Zend_Db Question... updating an incrementor

Question

Should this work? (increment the login count?)

// update the login count
$data = array(
   'logins' => 'logins + 1'
);

$n = $db->update('users', $data, 'user_id = '.$_userId);

Answer 1

$data = array(
   'logins' => new Zend_Db_Expr('logins + 1')
);

Also use quoting so you aren't as vulnerable to SQL injection:

$n = $db->update('users', $data, $db->quoteInto('user_id = ?', $_userId));

---

Re comment: Yes, in the case of the update() method, it assumes you're sending a literal value unless you use an object of type Zend_Db_Expr.
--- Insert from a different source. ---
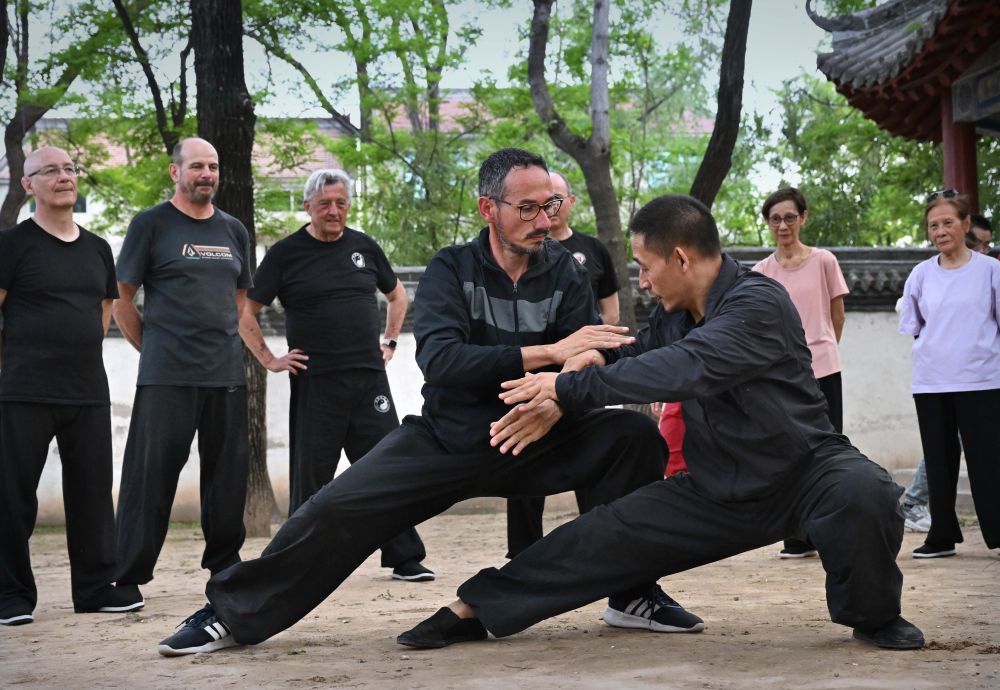↑2024年4月20日,在河南溫縣陳家溝楊露禪學拳處,來自法國波爾多的陳少拳(左)與師父陳自強交流太極推手。

You can test this yourself:

$db->getProfiler()->setEnabled(true);
$n = $db->update('users', $data, $db->quoteInto('user_id = ?', $_userId));
$qp = $db->getProfiler()->getLastQueryProfile();
echo $qp->getQuery() . "\n";

Any literal value you give in your $data array is parameterized so the query ends up looking like this:

UPDATE `users` SET `login` = ? WHERE user_id = 123

If you use an object of class Zend_Db_Expr, it knows to interpolate the string literally into the query, instead of parameterizing:

UPDATE `users` SET `login` = NOW() WHERE user_id = 123

Note that when you interpolate expressions like this, you are responsible for validation so you don't get security vulnerabilities.